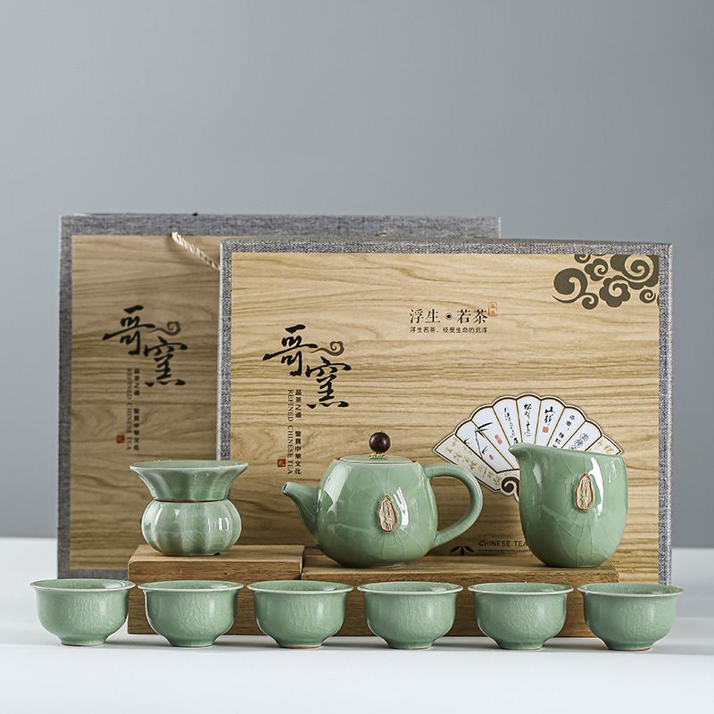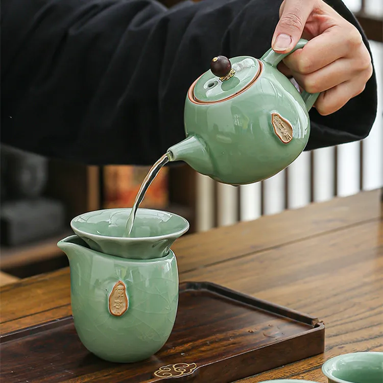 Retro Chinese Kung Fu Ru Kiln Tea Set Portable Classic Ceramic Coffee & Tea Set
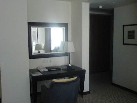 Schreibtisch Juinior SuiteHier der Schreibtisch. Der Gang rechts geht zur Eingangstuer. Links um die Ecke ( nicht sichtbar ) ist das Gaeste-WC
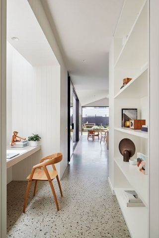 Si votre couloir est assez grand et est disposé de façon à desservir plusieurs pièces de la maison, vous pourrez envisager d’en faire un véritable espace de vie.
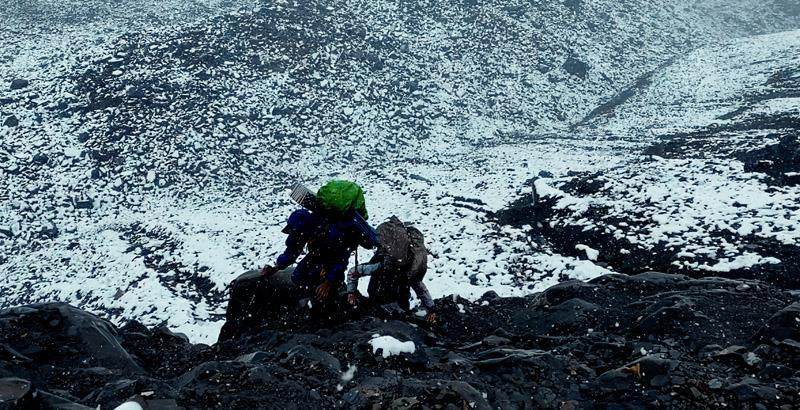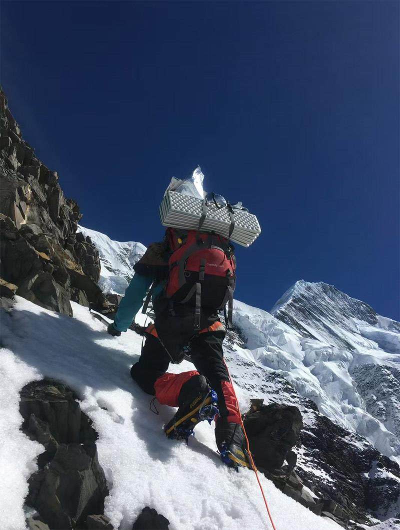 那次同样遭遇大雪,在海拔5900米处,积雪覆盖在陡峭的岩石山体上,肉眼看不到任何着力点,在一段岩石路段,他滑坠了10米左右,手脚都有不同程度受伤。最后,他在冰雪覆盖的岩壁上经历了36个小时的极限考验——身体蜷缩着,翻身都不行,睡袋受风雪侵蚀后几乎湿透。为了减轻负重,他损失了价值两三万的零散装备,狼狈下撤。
#####
◆ **EXERCISE DIRECTIONS**
Every line of the listing above is to be retyped exactly, but the pictures are to be dropped.

◆ **RESPONSE TO THE TASK**
 Retro Chinese Kung Fu Ru Kiln Tea Set Portable Classic Ceramic Coffee & Tea Set
 Schreibtisch Juinior SuiteHier der Schreibtisch. Der Gang rechts geht zur Eingangstuer. Links um die Ecke ( nicht sichtbar ) ist das Gaeste-WC
 Si votre couloir est assez grand et est disposé de façon à desservir plusieurs pièces de la maison, vous pourrez envisager d’en faire un véritable espace de vie.
 那次同样遭遇大雪,在海拔5900米处,积雪覆盖在陡峭的岩石山体上,肉眼看不到任何着力点,在一段岩石路段,他滑坠了10米左右,手脚都有不同程度受伤。最后,他在冰雪覆盖的岩壁上经历了36个小时的极限考验——身体蜷缩着,翻身都不行,睡袋受风雪侵蚀后几乎湿透。为了减轻负重,他损失了价值两三万的零散装备,狼狈下撤。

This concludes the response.